#### [What you should do]
After locating the line that contains "Press Mobile Data." in the material below, copy that line and each one following it, exactly, up to the last line. Pictures stay out.

#### [Data extract]
- Opening Delimiter -

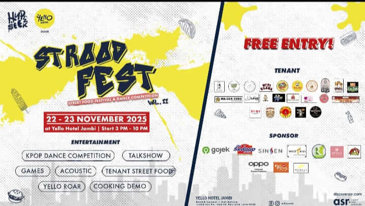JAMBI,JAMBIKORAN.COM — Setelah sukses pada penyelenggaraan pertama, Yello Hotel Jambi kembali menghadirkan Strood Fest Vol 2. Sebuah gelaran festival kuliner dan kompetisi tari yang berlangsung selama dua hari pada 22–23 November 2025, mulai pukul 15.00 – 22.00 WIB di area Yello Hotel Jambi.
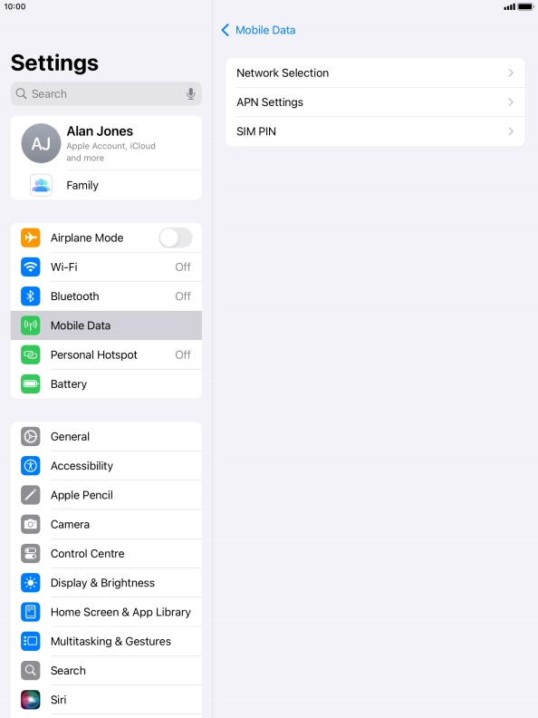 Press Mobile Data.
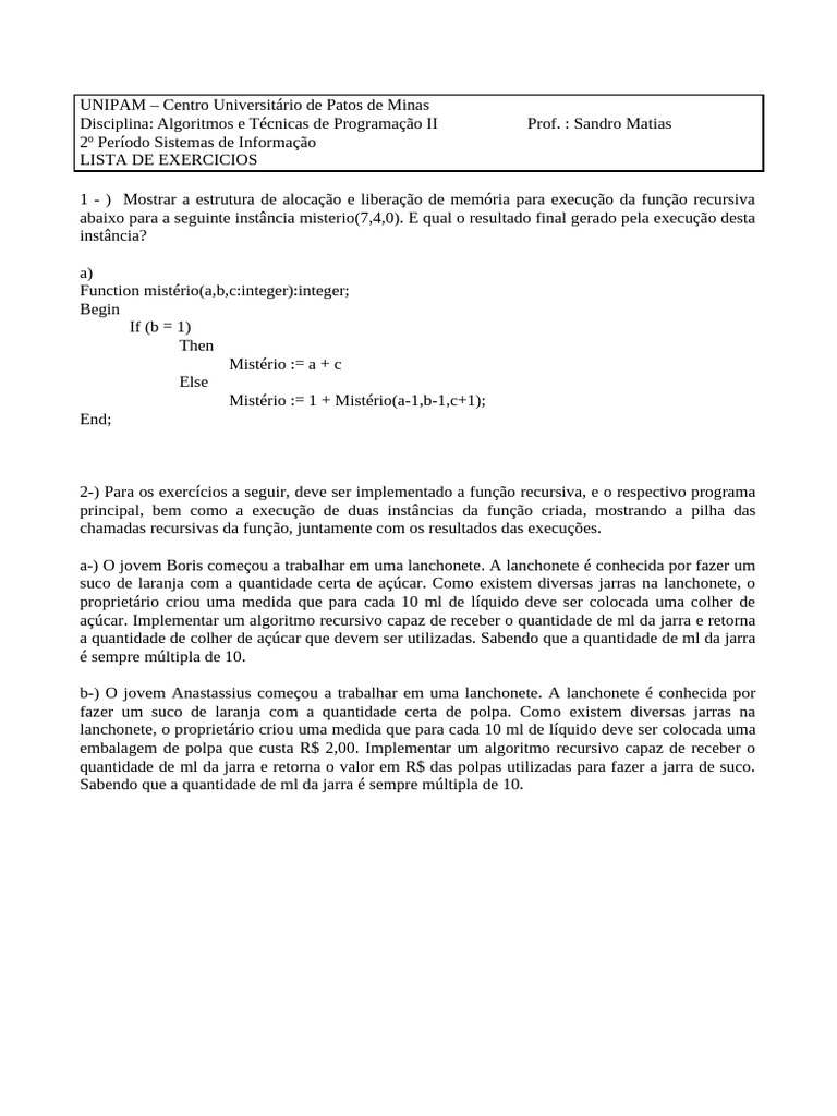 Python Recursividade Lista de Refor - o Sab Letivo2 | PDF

- Closing Delimiter -

#### [Written answer]
 Press Mobile Data.
 Python Recursividade Lista de Refor - o Sab Letivo2 | PDF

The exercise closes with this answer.